--- START ---
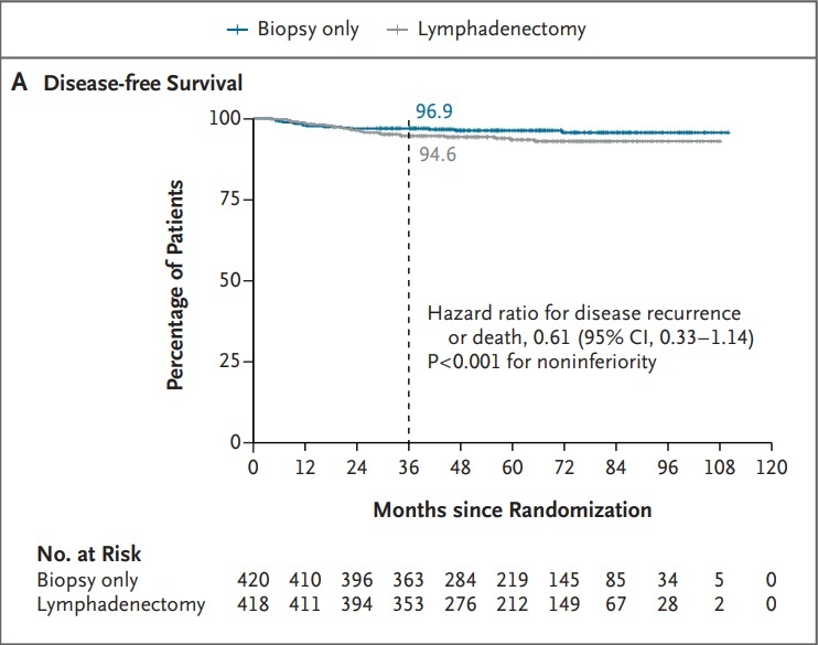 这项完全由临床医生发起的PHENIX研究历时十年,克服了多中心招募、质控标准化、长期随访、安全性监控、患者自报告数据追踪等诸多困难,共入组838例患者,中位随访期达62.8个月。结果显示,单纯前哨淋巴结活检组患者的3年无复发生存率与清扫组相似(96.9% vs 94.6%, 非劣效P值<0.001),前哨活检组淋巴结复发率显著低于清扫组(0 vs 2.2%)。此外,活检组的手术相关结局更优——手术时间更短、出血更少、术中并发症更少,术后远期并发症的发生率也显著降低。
--- END ---
--- START ---
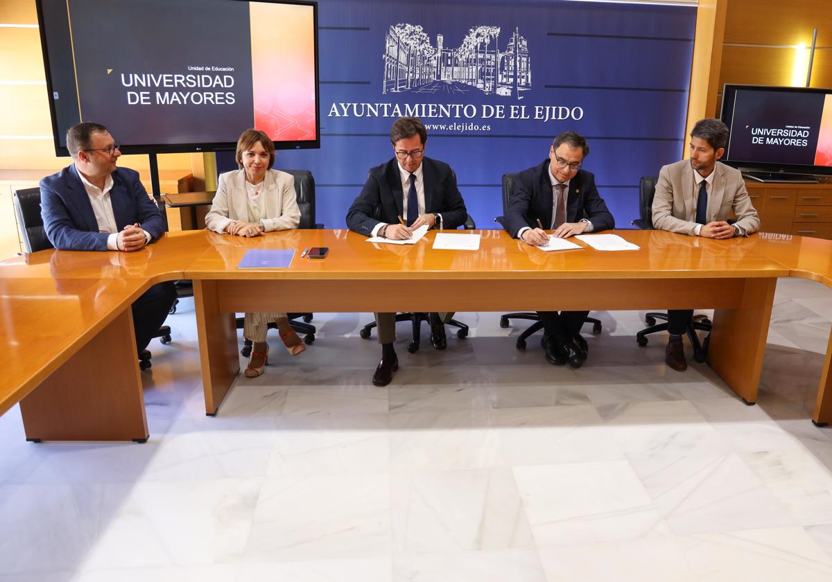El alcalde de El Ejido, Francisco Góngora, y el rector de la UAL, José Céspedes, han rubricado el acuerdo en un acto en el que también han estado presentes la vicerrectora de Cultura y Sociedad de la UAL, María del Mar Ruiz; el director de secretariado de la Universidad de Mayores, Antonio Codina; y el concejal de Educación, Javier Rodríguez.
--- END ---
--- START ---
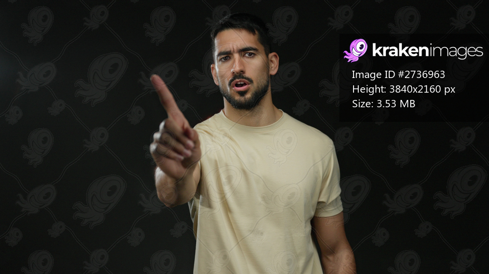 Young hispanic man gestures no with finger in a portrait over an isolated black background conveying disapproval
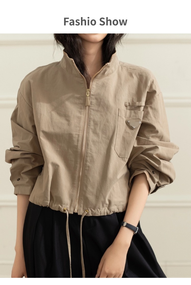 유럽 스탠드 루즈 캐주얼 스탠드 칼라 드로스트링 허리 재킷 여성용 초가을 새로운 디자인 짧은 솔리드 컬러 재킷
--- END ---
What is needed: Print exactly the lines above that run from the one with "Young hispanic man" down to the one with "유럽 스탠드 루즈 캐주얼", and omit the pictures.

Result for this exercise:
 Young hispanic man gestures no with finger in a portrait over an isolated black background conveying disapproval
 유럽 스탠드 루즈 캐주얼 스탠드 칼라 드로스트링 허리 재킷 여성용 초가을 새로운 디자인 짧은 솔리드 컬러 재킷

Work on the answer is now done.